Regarding "Presentation-Specific vs Layout-Specific Styles," the way I've come
to organize things is roughly "outside-in" i.e.: position, margin, border,
width/height, padding, font/line-height, text styles. I also always put
"display" and "box-sizing" first, if they're present, since they change the
effect of several things that follow.

I disagree with "Prefer nested selectors ... _only if both .foo and .foo .bar
need styling_." I prefer nested selectors always, mostly because it's annoying
to have to go back and nest something later when you realize the container
needs rules, too. Also I sense that there's something beneficial about the
nesting of the (in my case) scss matching the nesting of the HTML, but that
might just be aesthetics.

Also disagree with "Settle for a few (2-3) breakpoints and use those only," at
least for the types of designs I have to work with nowadays. The prevailing
style seems to consist of a series of striking, highly independent sections
with their own internal layout (think the landing page of a typical, new open
source project or startup, with a hero unit or carousel, a list of features in
some number of columns, testimonials in some [other] number of columns, etc.).
If you make each of those sections adhere to the same handful of breakpoints,
either you carefully limit your design or you risk ending up with strange
looking layouts in certain sections at certain "in-between" viewport
dimensions. I tend to treat each such section completely independently and use
as many or as few breakpoints as necessary for that particular internal
layout. Sass definitely helps with this, since nested media queries get
hoisted to the top level automatically, so you can put them in a natural
context.

As for mobile-first, I always work desktop-first. Part of that is that mobile-
first is pretty much impossible when all you're given is a psd with a full
desktop design. But I also find it completely natural to start with the
desktop design, narrow the window until something looks off, throw in a media
query to fix it, and repeat. And as someone else has already said, when you
have to support IE8 to some degree, it's nice to have desktop as the default.

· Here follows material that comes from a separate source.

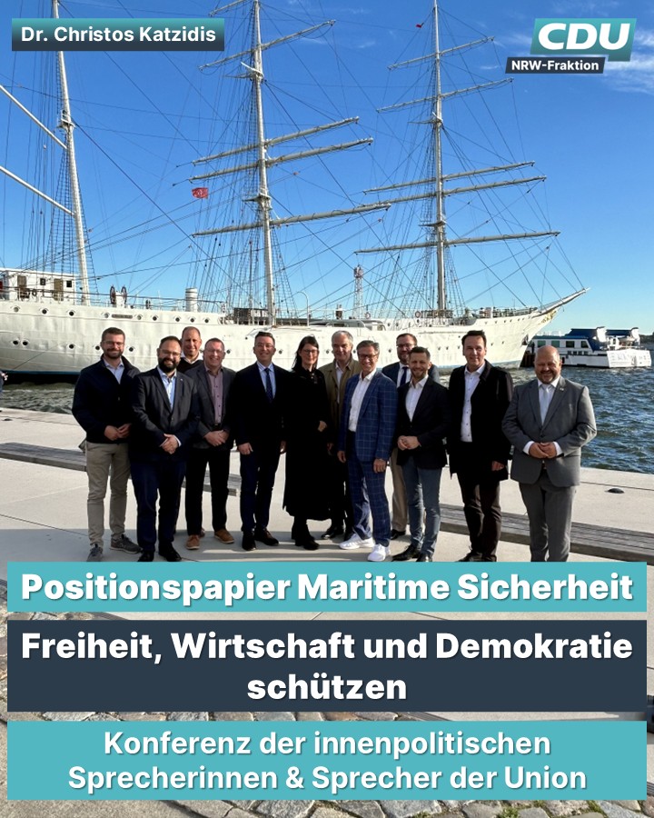 mehr🚨Ergebnis unserer diesjährigen Herbstkonferenz der innenpolitischen Sprecherinnen und Sprecher der Union in Stralsund⚓Drei Tage lang stand in der letzten Septemberwoche ein Thema im Mittelpunkt, das aktueller kaum sein könnte: Maritime Sicherheit.Krieg, Terror und gezielte Angriffe auf kritische Infrastrukturen haben das Sicherheitsgefühl in Deutschland spürbar verändert. Die Bedrohungslage wächst, nicht nur an Land, sondern auch auf See. Als Union stehen wir für einen handlungsfähigen Staat, der Sicherheit gewährleistet, seine Interessen schützt und seine Bürgerinnen und Bürger konsequent vor neuen Gefahrenlagen verteidigt. Unbekannte Drohnen, Angriffe auf Seewege, Sabotageakte in Häfen und Bedrohungen sensibler Anlagen wie LNG-Terminals sind keine bloßen Wirtschaftsfragen ? sie sind Angriffe auf unsere freiheitliche und demokratische Grundordnung.👉 Maritime Sicherheit ist daher eine strategische Kernaufgabe deutscher Innen- und Sicherheitspolitik.In Stralsund haben wir ein Positionspapier mit einem 10-Punkte-Plan beschlossen, um Deutschlands maritime Sicherheit effektiv zu stärken:https://www.christos-katzidis.de/image/daten/news_20251008135522_isk_union__positionspapier_maritime_sicherheit.pdf1️⃣ Maritime Sicherheit als sicherheitspolitische Priorität verankernSie muss in der nationalen Sicherheitsstrategie fest verankert und ressortübergreifend koordiniert werden ? mit klarer Zuständigkeit im Kanzleramt.2️⃣ Kritische maritime Infrastruktur umfassend schützenHäfen, Pipelines, Offshore-Windparks und LNG-Terminals brauchen verpflichtende Sicherheitsstandards, überwachte Schutzzonen und bessere Zusammenarbeit zwischen Bund, Ländern und Behörden.3️⃣ Drohnenabwehr in sensiblen Küstenzonen ausbauenKlare rechtliche Grundlagen und modernste Technik für die Abwehr unbemannter Systeme zum Schutz sensibler Anlagen.4️⃣ Bundespolizei See gezielt modernisieren und stärkenMehr Personal, modernste Ausstattung und digitale Fähigkeiten, um Kriminalität, Spionage und Sabotage auf See effektiv zu bekämpfen.5️⃣ Digitale Lagedominanz: KI, Vernetzung, EchtzeitüberwachungEin vernetztes Lagebild in Echtzeit durch KI, Satellitendaten und Sensorik für schnellere Reaktionen auf Bedrohungen.6️⃣ Hybride Angriffe und verdeckte Operationen rechtssicher bekämpfenNeue gesetzliche Grundlagen für verdeckte Ermittlungen und Cyberabwehr bei maritimen Bedrohungen.7️⃣ Hafensicherheit auf ein neues Niveau hebenMehr Kontrollen, KI-basierte Analysen und besseren Schutz vor Spionage, Cyberangriffen und Sabotage in strategisch wichtigen Häfen.8️⃣ Verteidigungspolitik maritim denken und strategisch ausrichtenStärkere Präsenz der Marine in Nord- und Ostsee, Spezialeinheiten gegen Unterwasser-Sabotage und enge Kooperation mit NATO-Partnern.9️⃣ Forschung, Technologie und Ausbildung systematisch fördernDeutschland soll führender Standort für maritime Sicherheit werden ? mit gezielter Förderung von KI, Sensorik und Drohnenabwehr sowie spezialisierter Ausbildung.🔟 Altmunition in Nord- und Ostsee räumenDie systematische Beseitigung von 1,6 Millionen Tonnen Weltkriegsmunition ist ein Gebot staatlicher Verantwortung für Umwelt, Wirtschaft und Sicherheit.#InnereSicherheit #ISKUnion2025 #ISKUnion #CDU #Innenpolitik #StarkerStaat #cdu #cdudeutschland #wegenmorgen #teamcdu #cdulandtagsfraktionnrw #cdufraktionnrw #teamwüst #teamcdunrw #christoskatzidis #klartextkatzidis #kommissarkatze

I find most of the claims in the linked article about mobile-first [1] to be
hand-wavy (you don't want to include "large heavy modules by default," or in
other words, you must assume that desktop-first is going to end up slow and
clunky on mobile) or contrived (the actual CSS example, where you can
eliminate a selector because on small devices the element in question happens
to have default styles). In my experience, in fact, things are usually
"heavier" on mobile, specifically because you tend to need a bunch of
javascript to deal with flyout menus and things having to expand and collapse
that can just be there on desktop. In any case: I don't see how the supposed
benefits of mobile-first can't be had desktop-first if you just take a modicum
of care in your work.

[1] [http://bradfrost.com/blog/mobile/the-many-faces-of-mobile-
fi...](http://bradfrost.com/blog/mobile/the-many-faces-of-mobile-first/)